* Task: Using the entries below, write out the line with "Modern fully equipped", the line with "Россия. Вторая лига.", and every line in between, exactly as each is written.

* Records for processing:
◇ ◇ ◇ ◇ ◇ ◇ ◇
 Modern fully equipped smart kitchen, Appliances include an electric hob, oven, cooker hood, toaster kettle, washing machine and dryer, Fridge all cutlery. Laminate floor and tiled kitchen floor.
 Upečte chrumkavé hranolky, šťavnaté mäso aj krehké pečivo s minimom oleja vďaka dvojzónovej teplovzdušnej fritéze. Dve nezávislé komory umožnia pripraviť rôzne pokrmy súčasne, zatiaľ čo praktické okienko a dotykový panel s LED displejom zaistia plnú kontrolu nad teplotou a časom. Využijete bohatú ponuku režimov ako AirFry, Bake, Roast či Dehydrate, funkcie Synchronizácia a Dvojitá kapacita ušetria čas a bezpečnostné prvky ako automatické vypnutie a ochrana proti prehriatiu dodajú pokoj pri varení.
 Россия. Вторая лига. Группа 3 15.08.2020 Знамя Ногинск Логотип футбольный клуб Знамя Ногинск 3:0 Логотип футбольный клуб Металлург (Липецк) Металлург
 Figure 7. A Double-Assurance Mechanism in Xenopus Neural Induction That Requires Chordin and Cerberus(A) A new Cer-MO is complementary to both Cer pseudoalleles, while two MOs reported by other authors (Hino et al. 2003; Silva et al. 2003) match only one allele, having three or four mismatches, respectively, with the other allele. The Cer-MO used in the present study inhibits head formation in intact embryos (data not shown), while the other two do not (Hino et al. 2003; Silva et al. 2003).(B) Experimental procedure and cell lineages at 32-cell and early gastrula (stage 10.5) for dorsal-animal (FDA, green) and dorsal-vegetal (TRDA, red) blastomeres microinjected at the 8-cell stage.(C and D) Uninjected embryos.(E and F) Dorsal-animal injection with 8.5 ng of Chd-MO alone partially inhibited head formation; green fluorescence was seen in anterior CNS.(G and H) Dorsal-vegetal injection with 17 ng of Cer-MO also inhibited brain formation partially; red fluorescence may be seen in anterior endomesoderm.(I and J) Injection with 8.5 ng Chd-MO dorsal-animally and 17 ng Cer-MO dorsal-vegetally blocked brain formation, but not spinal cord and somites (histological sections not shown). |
◇ ◇ ◇ ◇ ◇ ◇ ◇
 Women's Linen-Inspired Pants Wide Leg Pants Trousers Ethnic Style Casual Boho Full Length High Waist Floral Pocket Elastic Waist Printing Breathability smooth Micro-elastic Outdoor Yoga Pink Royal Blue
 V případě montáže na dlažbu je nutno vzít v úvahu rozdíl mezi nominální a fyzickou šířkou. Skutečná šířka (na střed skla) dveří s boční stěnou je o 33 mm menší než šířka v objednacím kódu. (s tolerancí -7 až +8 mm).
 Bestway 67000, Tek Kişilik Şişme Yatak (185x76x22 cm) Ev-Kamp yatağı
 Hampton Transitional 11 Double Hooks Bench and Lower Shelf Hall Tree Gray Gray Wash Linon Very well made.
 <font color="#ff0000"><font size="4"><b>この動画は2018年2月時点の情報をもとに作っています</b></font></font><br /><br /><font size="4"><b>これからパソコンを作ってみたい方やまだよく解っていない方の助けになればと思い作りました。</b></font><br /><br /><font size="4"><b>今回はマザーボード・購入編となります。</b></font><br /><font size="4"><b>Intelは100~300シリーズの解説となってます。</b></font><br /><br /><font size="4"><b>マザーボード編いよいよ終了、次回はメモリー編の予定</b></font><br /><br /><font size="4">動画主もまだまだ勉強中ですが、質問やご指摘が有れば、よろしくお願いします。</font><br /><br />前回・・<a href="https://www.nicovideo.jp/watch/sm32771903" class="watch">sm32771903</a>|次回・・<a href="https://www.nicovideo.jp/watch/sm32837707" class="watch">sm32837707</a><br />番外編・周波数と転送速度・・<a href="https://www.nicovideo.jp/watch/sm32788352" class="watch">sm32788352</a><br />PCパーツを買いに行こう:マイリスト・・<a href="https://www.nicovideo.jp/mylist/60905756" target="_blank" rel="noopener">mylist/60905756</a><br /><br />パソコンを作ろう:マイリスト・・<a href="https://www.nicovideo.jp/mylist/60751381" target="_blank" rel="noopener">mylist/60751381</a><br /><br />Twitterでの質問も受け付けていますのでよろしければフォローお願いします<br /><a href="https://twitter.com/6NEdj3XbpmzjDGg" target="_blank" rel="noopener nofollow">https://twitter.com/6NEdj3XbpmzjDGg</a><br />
◇ ◇ ◇ ◇ ◇ ◇ ◇
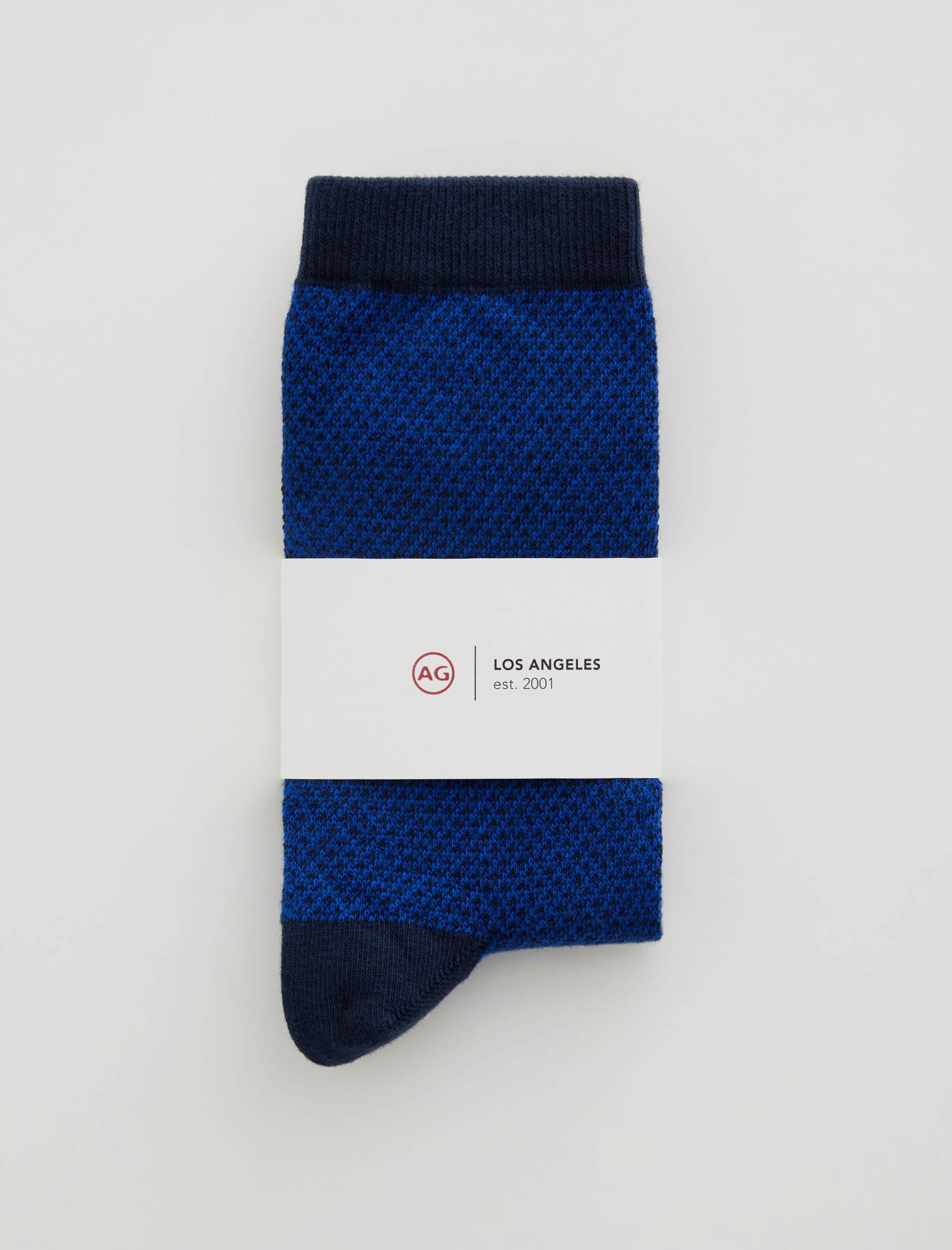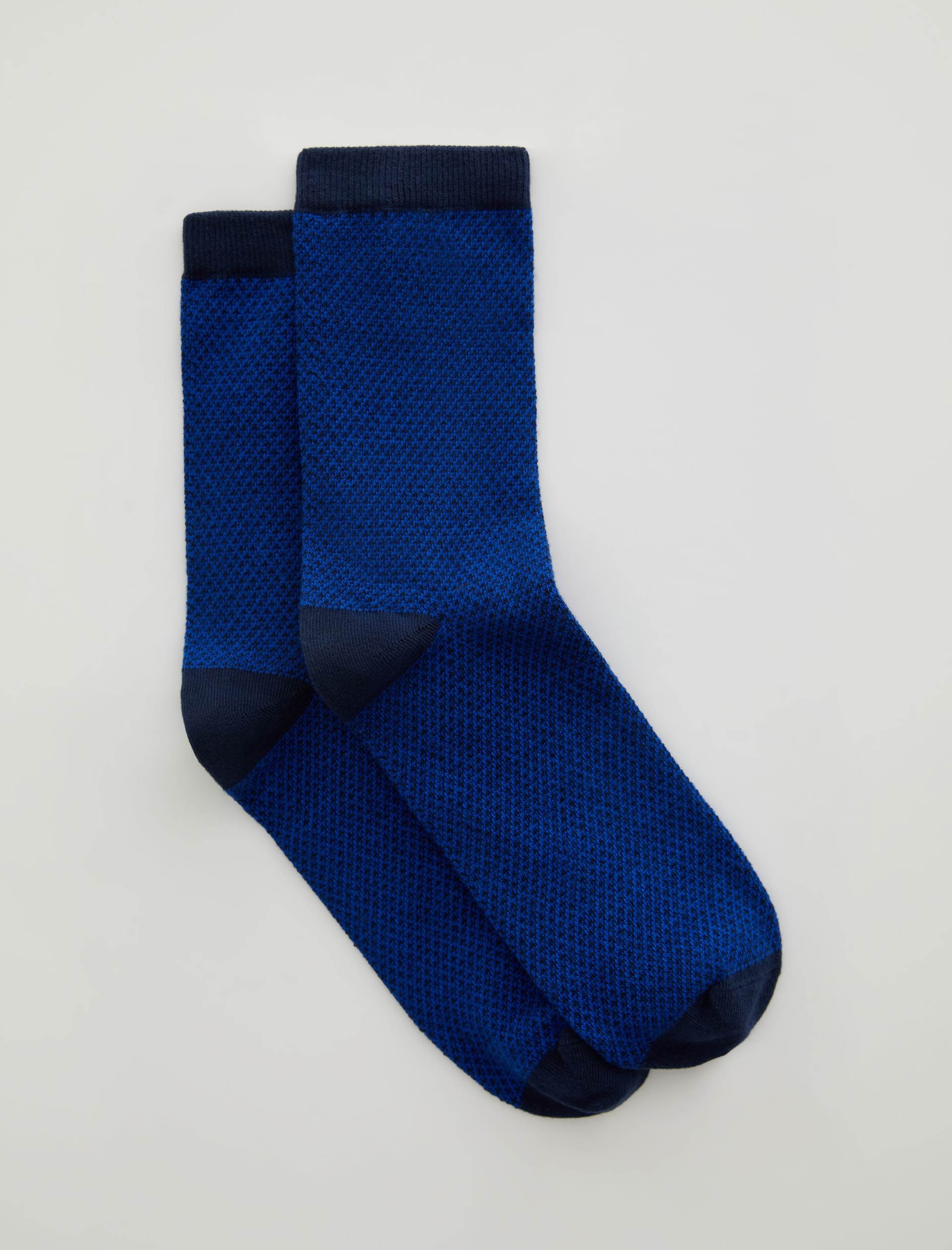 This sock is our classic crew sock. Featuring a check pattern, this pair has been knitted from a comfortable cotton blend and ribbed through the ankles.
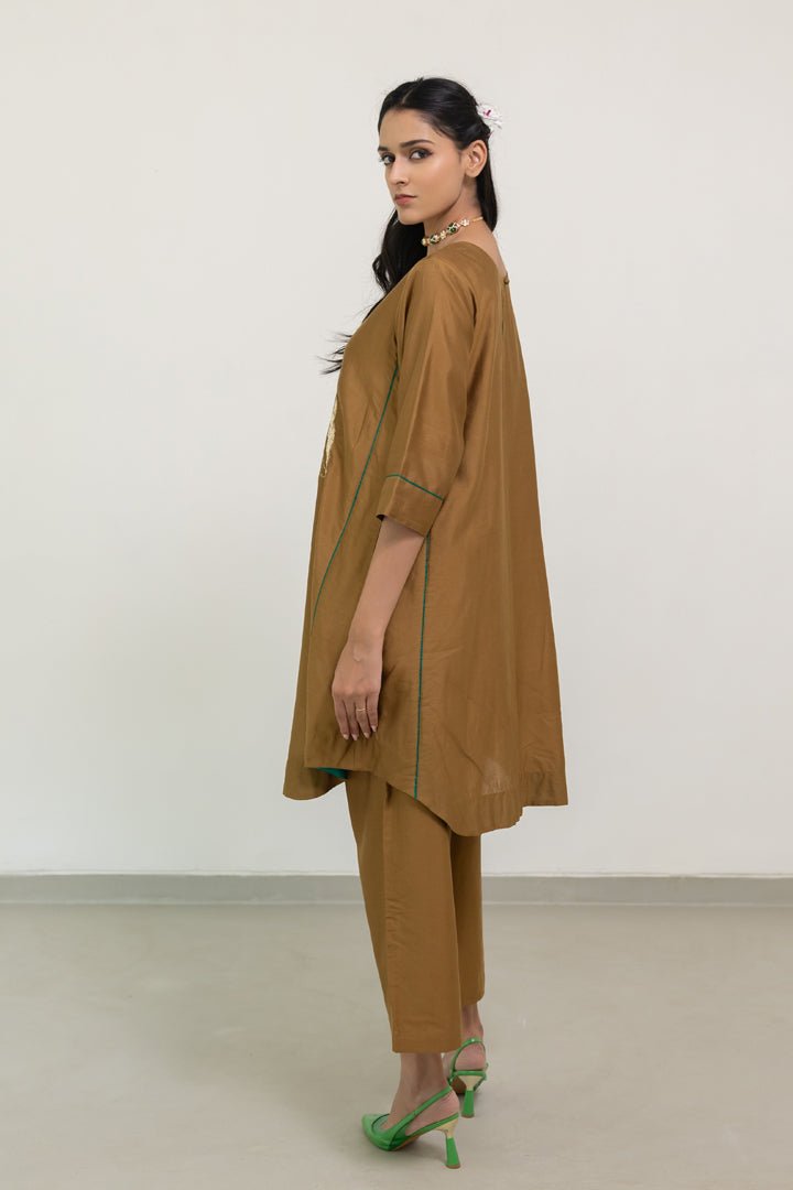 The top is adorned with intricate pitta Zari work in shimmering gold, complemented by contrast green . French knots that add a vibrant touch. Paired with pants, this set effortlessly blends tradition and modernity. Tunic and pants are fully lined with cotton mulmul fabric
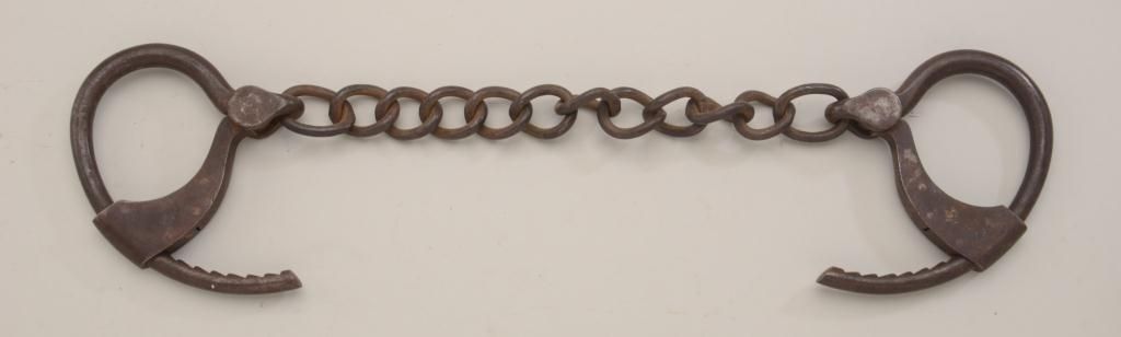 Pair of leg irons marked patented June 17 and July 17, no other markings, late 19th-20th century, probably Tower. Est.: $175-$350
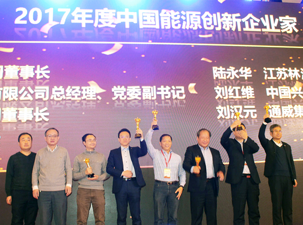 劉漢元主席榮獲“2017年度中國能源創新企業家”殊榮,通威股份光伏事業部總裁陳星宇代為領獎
◇ ◇ ◇ ◇ ◇ ◇ ◇
* Reply to the task:
 Modern fully equipped smart kitchen, Appliances include an electric hob, oven, cooker hood, toaster kettle, washing machine and dryer, Fridge all cutlery. Laminate floor and tiled kitchen floor.
 Upečte chrumkavé hranolky, šťavnaté mäso aj krehké pečivo s minimom oleja vďaka dvojzónovej teplovzdušnej fritéze. Dve nezávislé komory umožnia pripraviť rôzne pokrmy súčasne, zatiaľ čo praktické okienko a dotykový panel s LED displejom zaistia plnú kontrolu nad teplotou a časom. Využijete bohatú ponuku režimov ako AirFry, Bake, Roast či Dehydrate, funkcie Synchronizácia a Dvojitá kapacita ušetria čas a bezpečnostné prvky ako automatické vypnutie a ochrana proti prehriatiu dodajú pokoj pri varení.
 Россия. Вторая лига. Группа 3 15.08.2020 Знамя Ногинск Логотип футбольный клуб Знамя Ногинск 3:0 Логотип футбольный клуб Металлург (Липецк) Металлург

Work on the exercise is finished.